-
In this segment I wanna show you how RSA
is used in practice and in particular, I
-
wanna tell you about a standard called a
Public Key Cryptography standard number
-
one PKCS one. So I've already told you a
couple of times that you should never use
-
what's called textbook RSA. You should
never directly encrypt the message using
-
RSA because that's insecure. You always
have to do something to the message before
-
you actually apply the RSA function. We
saw the ISO standard in the previous
-
segment where what we did is we generated
a random x, encrypted x using RSA, and
-
then from this x we derived a symmetric
encryption key. But that's actually not how
-
RSA is used in practice. In practice
things worked a little differently and
-
typically what happens is the system
generates a symmetric encryption key and
-
then RSA is asked to encrypt the given
symmetric encryption key rather than
-
generating the symmetric key as part of
[our same encryption or RSA encryption?]. So in practice as I
-
say, what happens the RSA system is given
this input a symmetric encryption key to
-
encrypt for example this could be a, an AES
key that would be like 128 bits and then
-
the way this key is actually encrypted is
first we take these 128 bits and we expand
-
them into the full modulo size. For
example, this would be 2048 bits, and then
-
we apply the RSA function. And so the
question is, how should this preprocessing
-
be done? How should we expand the 128 bit
AES key that was given to us into a 2048
-
bit value that can then be applied with
RSA. And then furthermore the question is,
-
how do we argue that the resulting system
is secure? So in all the way of doing it
-
which is actually very widely deployed in
practice is what's called PKCS1 version
-
1.5, Public Key Cryptography Standard,
that's what PKCS stands for. So I wanna
-
show you how this mechanism works and in
particular, I'll show you what's called
-
PKCS1 Mode 2. Mode 2 denotes
encryption, mode 1 denotes signatures so
-
here we're gonna just focus on the
encryption. So the way PKCS1 works is
-
as follows, you take your message, this
would be the 128 bit AES key for example,
-
and you put it as a least significant bit
of the value that you're creating. The
-
next thing you do is you append sixteen
bits of one to it, you know [foreign].
-
This is sixteen bits of one. And then the
next you do is you append the random pad
-
that actually does not contain FF
anywhere inside the random pad.
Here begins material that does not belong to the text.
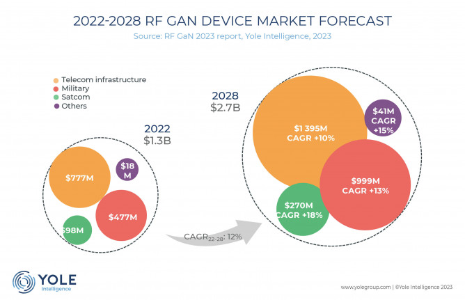 Yole group近期發(fā)布了關于射頻氮化鎵器件市場的調查研究。報告顯示,2022年射頻氮化鎵器件市場價值13億美元,預計到2028年將達到27億美元,2022年至2028年復合年增長率為12% ;SEDI(住友電工)、Qorvo和Wolfspeed:前三名設備廠商穩(wěn)步增長,恩智浦電信業(yè)務創(chuàng)造高收入;電信領域新機遇為射頻硅基氮化鎵打開大門。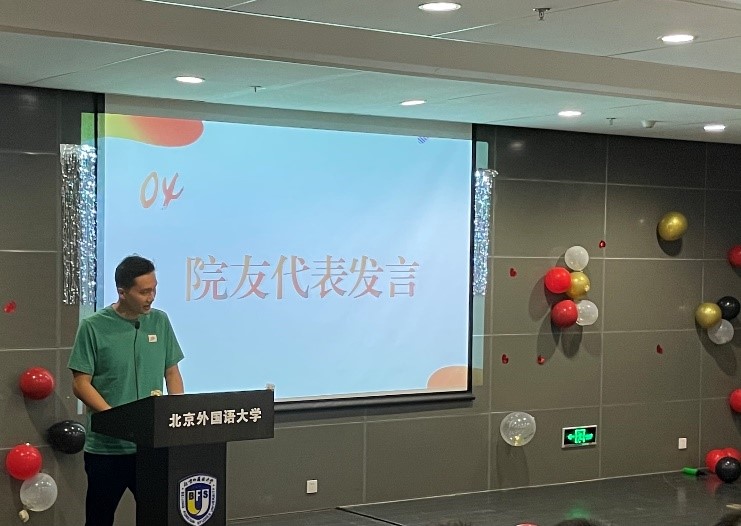 最后,学院党总支书记张效民老师总结致辞,他再次表示欢迎校友回家,随后,他列举一些在北外学习生活时的动人的场景,使校友们对于国关的回忆变得更加鲜活与具体。他指出院友们在各自岗位上兢兢业业工作,为学院赢得了良好声誉,是学院为宝贵的财富。他同时也希望全体国关人都拥有知周中外道济天下的情怀和境界,为国家发展民族复兴做出更大贡献。

So this
-
is basically something like on the order
of what is it, 1900 random bits except
-
that there are on FF's inside those random
bits and finally at the very top, you put
-
the number 02. This indicates that this
plain text has been encoded using PKCS1
-
mode 2. And then this whole value here,
this whole thing that we just created.
-
This is just 2048 bit string is the thing
that gets fed into the RSA function and is
-
raised to the power of e modulo N. And the
resulting thing is PKCS1 ciphertext. Now
-
the decrypter of course is going to invert
the RSA function, He's gonna get back this
-
block, He's gonna look at the most
significant bits and he's gonna say
-
there's a 02 in there that means that this
PKCS one formatted. Since it's PKCS one
-
formatted, it's gonna remove those 02.
It's gonna remove all the random pad up
-
until the FF. And then anything
that stays beyond that is the original
-
message which is then used you know to say
decrypt the actual body of the ciphertext.
-
And as I said, this mechanism is extremely
widely deployed, For example, it's used in
-
HTTPS. Now interestingly, this PKCS1
version 1.5 was designed in the late 80's.
-
There was really no security proof to
argue that this mechanism is in fact
-
secure. And as it turns out, it is very
common when there is no security proof, it
-
turns out that actually things break and
there's a very, very elegant attack due to
-
Bleichenbacher back in 1998, Daniel
Bleichenbacher which shows how to attack
-
PKCS1 when it's used for example inside of
HTTPS. So let's see how the attack works.
-
So the idea is this, supposed the attacker
intercepted a certain ciphertext so this
-
is PKCS1 ciphertext so the point is
it's encoded using PKCS1 and then the
-
result is fed into the RSA function. And
we call the ciphertext the output of the
-
RSA function. The attacker wants to
basically decrypt the ciphertext, So let
-
me show you abstractly what the attacker
is gonna do. We're gonna just simplify SSL
-
and just say that the attacker can
basically send the ciphertext directly to
-
the web server. The web server is gonna
try and decrypt the ciphertext using its
-
secret key. And then what is it gonna do?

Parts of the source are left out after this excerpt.